The mission of the Next Generation Sequencing (NGS) Core Facility of the Medical Faculty of the University of Bonn is to provide the research community with access to state-of-the art sequencing technologies and to help facilitate cutting-edge-omics research. We offer rapid high-throughput sequencing services, consultation and expert assistance in strategic planning, sample preparation and method development.

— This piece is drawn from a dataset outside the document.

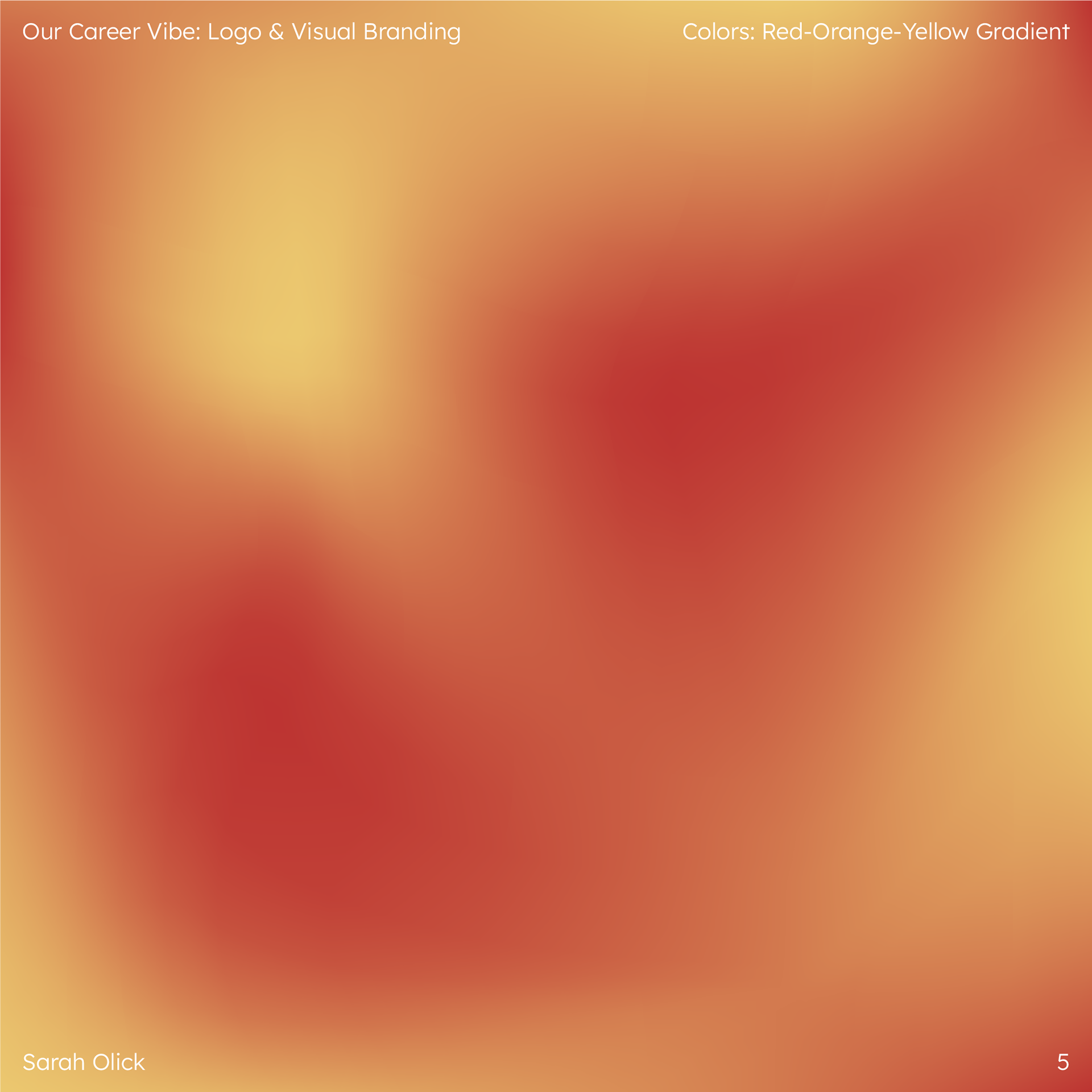 The following images show the color scheme and background gradient I built off of the provided red and yellow, as well as the final type system shown with potential stylized logo options.

Due to ongoing technical advancements NGS is widely applied in many research projects. But, despite decreasing sequencing costs during the last years, the access to this technology is made difficult as investment in and maintenance of NGS systems as well as the establishment of research specific applications remains expensive and time consuming. Therefore, the NGS Core Facility, which is allocated at the Institute of Human Genetics in Bonn, provides assistance and technical equipment to all scientist at the University of Bonn and collaborating institutions. This service is all-encompassing as it is intended to cover all phases of your project. Therefore, researchers are encouraged to contact the NGS Core Facility for consultation prior to sequencing projects, which will allow us to provide initial support in study design and therefore optimize the performance of the NGS experiments. The suitability of NGS technology is diverse – like sequencing of entire exomes or genomes, transcriptomics (coding/non-coding RNA), epigenomics, metagenomics (16S rRNA) and expression analysis by 3´-mRNA sequencing. Additionally, we are offering deep-sequencing of amplicons (i.e. for genotyping of CRISP-Cas9 generated clones). Furthermore, NGS is indispensable for de novo sequencing of human pathogenic or resistance-relevant bacteria and viruses, resequencing of disease related genomic regions and ChIP sequencing.